1. Histopathological assessment of HER2 positivity (immunohistochemistry 3+ or immunohistochemistry 2+ and FISH positive)
2. Known dMMR/MSI-H
3. History of other malignant neoplasms within 3 years prior to enrollment, except for cured cervical carcinoma in situ or basal cell carcinoma
4. Presence of brain metastases to meninges
5. Malignant pleural or peritoneal effusion
6. Presence of gastrointestinal obstruction, gastrointestinal haemorrhage (fecaloccult blood +++ or higher), or perforation
7. Prior treatment with anti-PD-1, anti-PD-L1, or anti-PD-L2, CD137, CTLA-4 antibodies, or any other antibody or drug specifically targeting T-cell co-stimulatory or checkpoint pathways
8. Subjects with active or history of autoimmune diseases that might relapse (e.g., systemic lupus erythematosus, rheumatoid arthritis, inflammatory bowel disease, autoimmune thyroid disorder, multiple sclerosis, vasculitis, glomerulonephritis, etc.), or high-risk patients (e.g., those requiring immunosuppression after organ transplant), except for those with vitiligo, psoriasis, alopecia, or Graves' disease that have not required systemic treatment within the past 2 years, or hypothyroidism requiring only thyroid hormone replacement therapy, or Type I diabetes mellitus requiring only insulin replacement therapy
9. Current interstitial lung disorder or pneumonia, pulmonary fibrosis, acute lung disorder, or radiation pneumonitis
10. Participation in other drug clinical studies within 4 weeks prior to the first dose (based on the use of investigational drug), except observational (non-interventional) clinical studies
11. Use of immunosuppressant drugs within 4 weeks prior to the first dose of study treatment, excluding nasal, inhaled, or other topical glucocorticoids or physiological doses of systemic glucocorticoids (i.e., no more than 10 mg/day of prednisone or equivalent dose of other glucocorticoids), or short-term (no more than 7 days) use of glucocorticoids for the prevention or treatment of non-autoimmune allergic diseases
12. Receipt of live attenuated vaccines within 4 weeks prior to the first dose of study treatment or planned immunization during the study period. Note: Inactivated seasonal influenza vaccines for injection are allowed within 4 weeks prior to the first dose; however, live attenuated influenza vaccines are not allowed.

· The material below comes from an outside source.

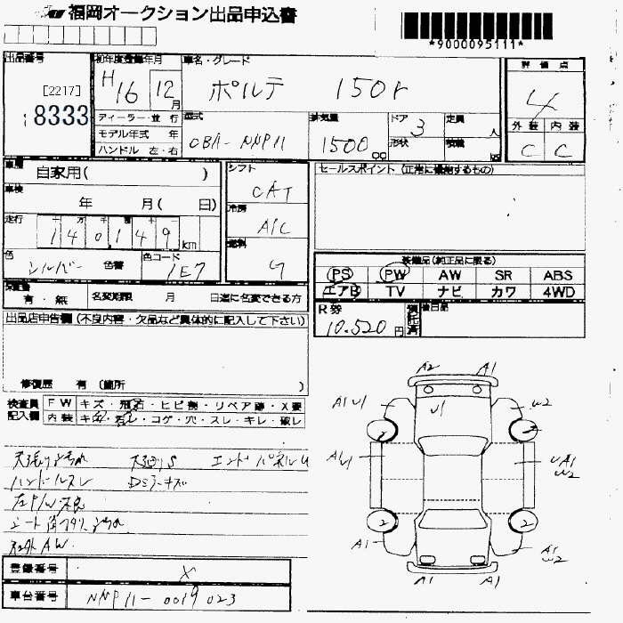 TOYOTA PORTE 150r - лот 8333

13. Major surgery (craniotomy, thoracotomy, or laparotomy) within 4 weeks prior to the first dose of study treatment or anticipated need for major surgery (not related to this study) during the study treatment period.

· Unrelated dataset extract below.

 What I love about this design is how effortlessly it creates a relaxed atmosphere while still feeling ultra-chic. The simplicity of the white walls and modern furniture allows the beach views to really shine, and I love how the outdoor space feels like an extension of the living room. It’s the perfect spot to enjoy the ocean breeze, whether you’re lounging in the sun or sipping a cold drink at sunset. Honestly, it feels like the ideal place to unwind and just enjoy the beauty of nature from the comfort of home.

14. History of human immunodeficiency virus (HIV) infection (i.e., HIV antibody positive), or other acquired or congenital immunodeficiency diseases, or history of organ transplant or stem cell transplant
15. Active chronic hepatitis B or active hepatitis C; hepatitis B virus carriers, but patients with stable hepatitis B viral loads after drug therapy (HBV DNA ≤ 200 IU/mL or copy number < 1000 copies/mL), and patients who have cleared hepatitis C virus (HCV RNA negative) are eligible for enrollment
16. Known active pulmonary tuberculosis
17. Patients with severe infection within 4 weeks before the first dose, or active infection requiring oral or vein antibiotic therapy within 2 weeks before the first dose
18. Symptomatic congestive cardiac failure (New York Heart Association Class II-IV) or symptomatic or poorly controlled arrhythmia
19. Uncontrolled hypertension (blood pressure systolic ≥160 mmHg or blood pressure diastolic ≥100 mmHg) despite standard treatment
20. Any arterial embolism event within 6 months before enrollment, including myocardial infarction, angina unstable, cerebrovascular accident, or transient ischemic attack
21. History of deep vein thrombosis, pulmonary embolism, or any other severe embolism within 3 months before enrollment (thrombosis originating from implanted venous access port or catheter, or superficial vein thrombosis is not considered as "severe" thromboembolism)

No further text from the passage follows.